But the last expression is just another beta distribution, so the posterior can be expressed as,

\[\theta \vert x \sim \text{Beta}(\alpha + c_v, \beta + c_p)\]

This is also why beta is a conjugate prior for the binomial distribution, since the posterior is also a beta distribution. We won’t go into more details here, but the posterior predictive distribution is then a beta-binomial distribution.

What prior can we choose? Well if we are interested in testing the posterior \(p(\theta<0.4117647 \vert x)\), we can set the prior beta distribution such that the mean is this value. That is indeed what Pfizer/BioNTech have done - the prior used was Beta(0.700102, 1), so the mean is 0.700102/(0.700102+1) ≈ 0.4118.
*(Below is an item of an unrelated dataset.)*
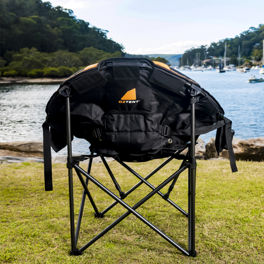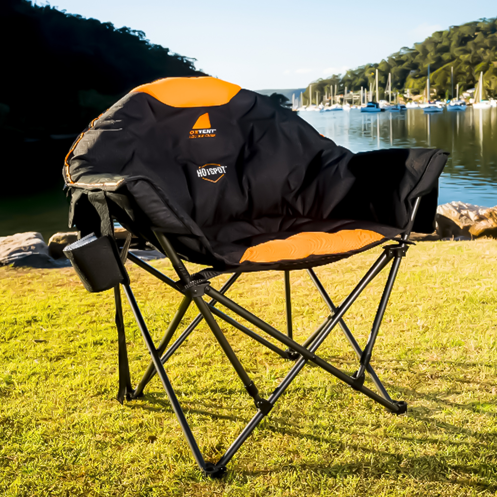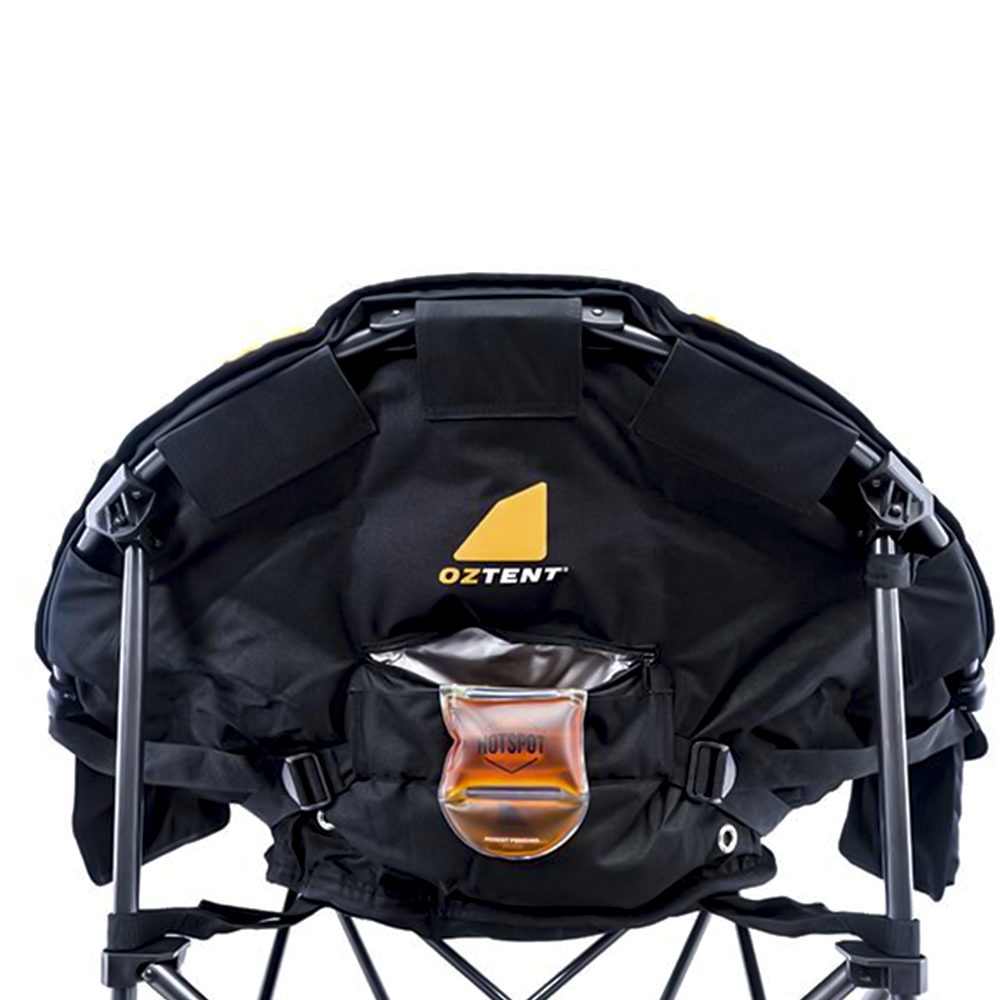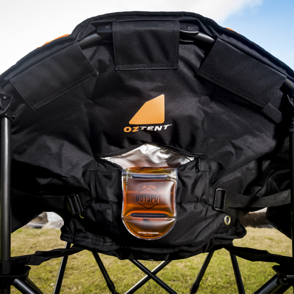 The OZTENT Koala HotSpot™ Lounge chair is the ultimate in luxury camp chairs for all seasons. It also incorporates our lumbar support system and is made with a super high quality construction using luxurious 600D diamond Ripstop polyester that is fully padded with a massive weight rating of 200Kg. You have an insulated drink and phone holder on one side and two mesh pockets on the other to store your other goodies. It also includes one HotSpot™ pouch. Then in the front we have added a hidden under seat pocket.

Now to calculate the posterior \(p(\theta<0.4117647 \vert x)\), this is simply the CDF of the posterior beta distribution up to 0.4117647. In actual clinical trial results (as opposed to the clinical design), there may be slight differences in surveillance times between vaccinated and placebo groups and this can be account for. Namely, \(p(\text{VE} > 0.3 \vert x)\) is equivalent to \(p(\theta < \frac{r(1-0.3)}{1+r(1-0.3)} \vert x)\).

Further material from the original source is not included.